All of this runs in under 1 millisecond per request on commodity hardware. CPU only, no GPU.

Every request now has detection results available via HttpContext extensions:

app.MapGet("/", (HttpContext ctx) => Results.Ok(new
{
    isBot = ctx.IsBot(),
    probability = ctx.GetBotProbability(),     // 0.0-1.0: how likely it's a bot
    confidence = ctx.GetDetectionConfidence(),  // 0.0-1.0: how certain the system is
    type = ctx.GetBotType()?.ToString(),
    name = ctx.GetBotName()
}));

Detection runs but nothing blocks. You decide what to do with the results.


Block All Bots, Whole App

If you just want to block bots from your entire application - no per-endpoint config, no attributes - it's one line of JSON:

{
  "BotDetection": {
    "BlockDetectedBots": true
  }
}

That's it. Detected bots above your block-confidence threshold get a 403 (MinConfidenceToBlock defaults to 0.8). Search engines (Googlebot, Bingbot), social media previews (Facebook, Twitter/X), and monitoring bots (UptimeRobot, Pingdom) are allowed through by default - because you almost certainly want those.

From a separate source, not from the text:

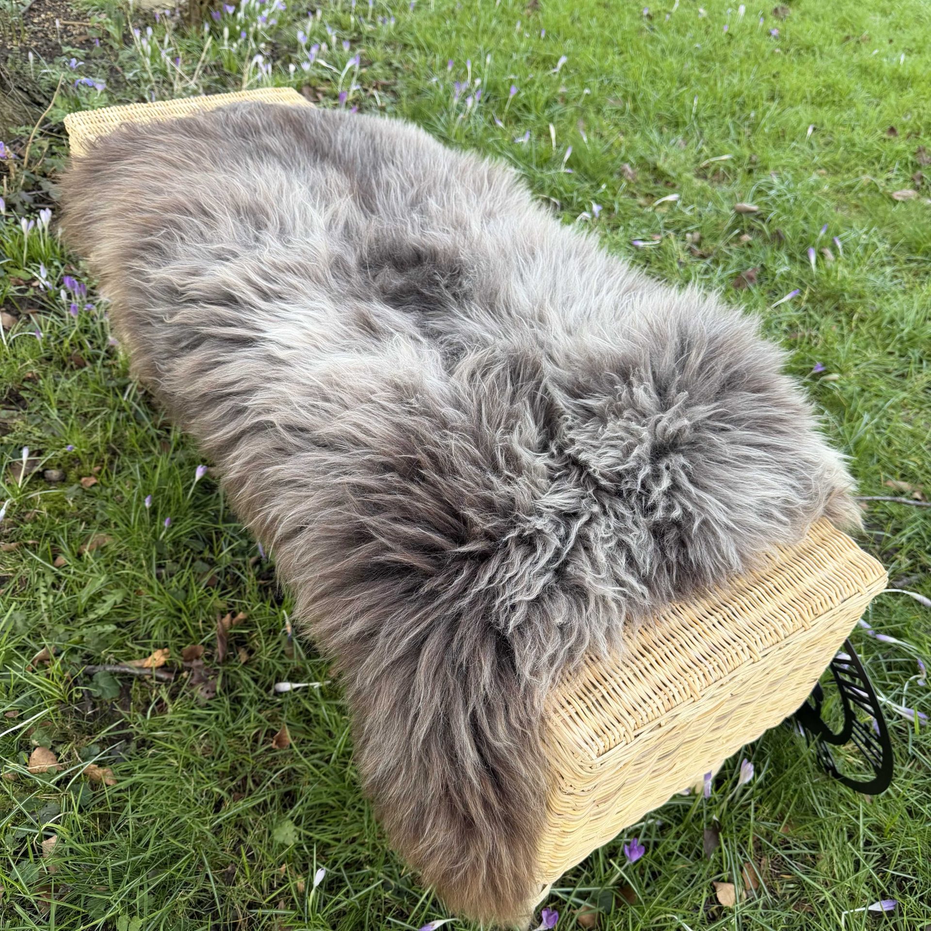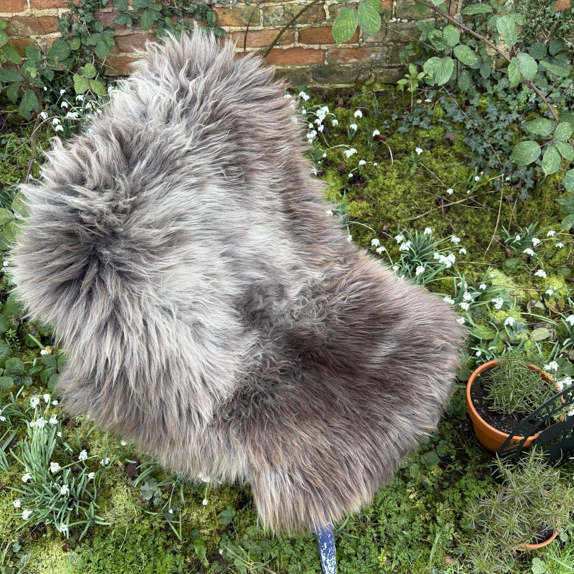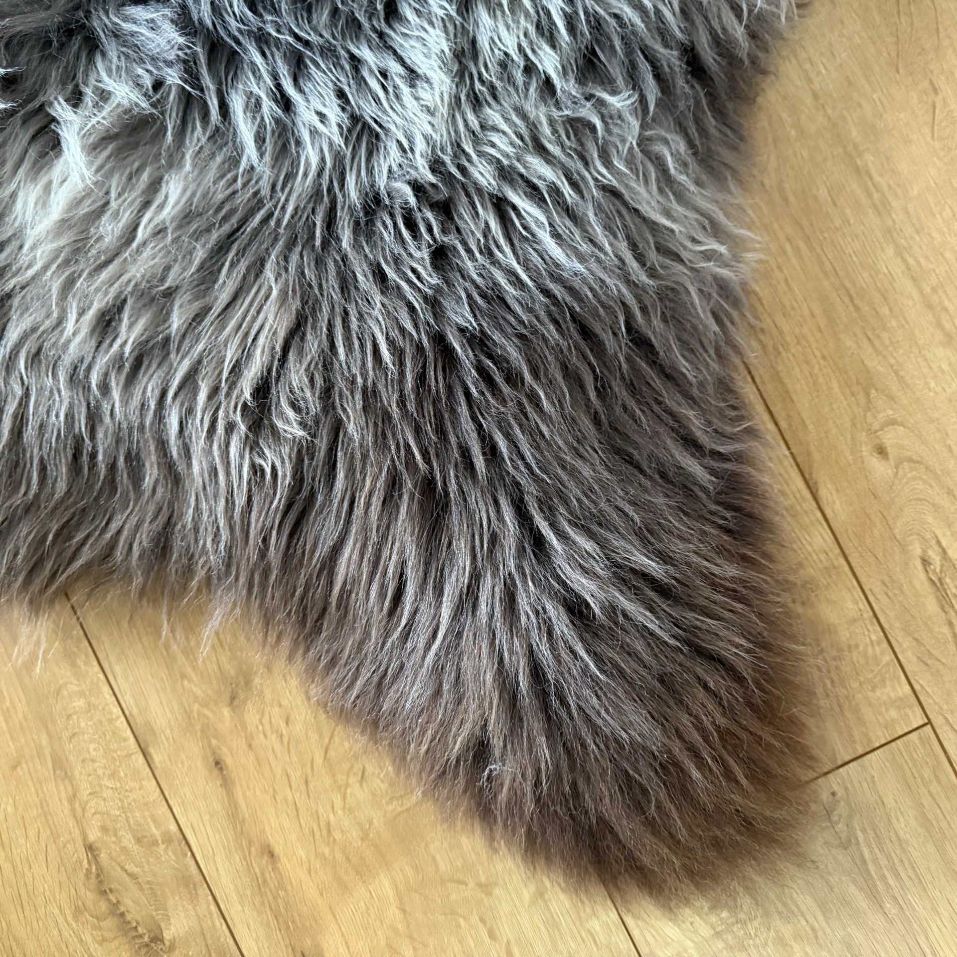 Featuring beautiful long, thick fluffy locks. This sheepskin is rich in texture and features brown and grey tones.

Or the same thing in code, no config file needed:

builder.Services.Configure<BotDetectionOptions>(o =>
{
    o.BlockDetectedBots = true;
    o.MinConfidenceToBlock = 0.8;           // only block when confident
    o.AllowVerifiedSearchEngines = true;     // Googlebot, Bingbot through
    o.AllowSocialMediaBots = true;           // Facebook, Twitter previews through
    o.AllowMonitoringBots = true;            // UptimeRobot, Pingdom through
});

This is the "I don't want to think about it" mode. Detection runs, bots get blocked, good crawlers get through. Move to per-endpoint control when you need it.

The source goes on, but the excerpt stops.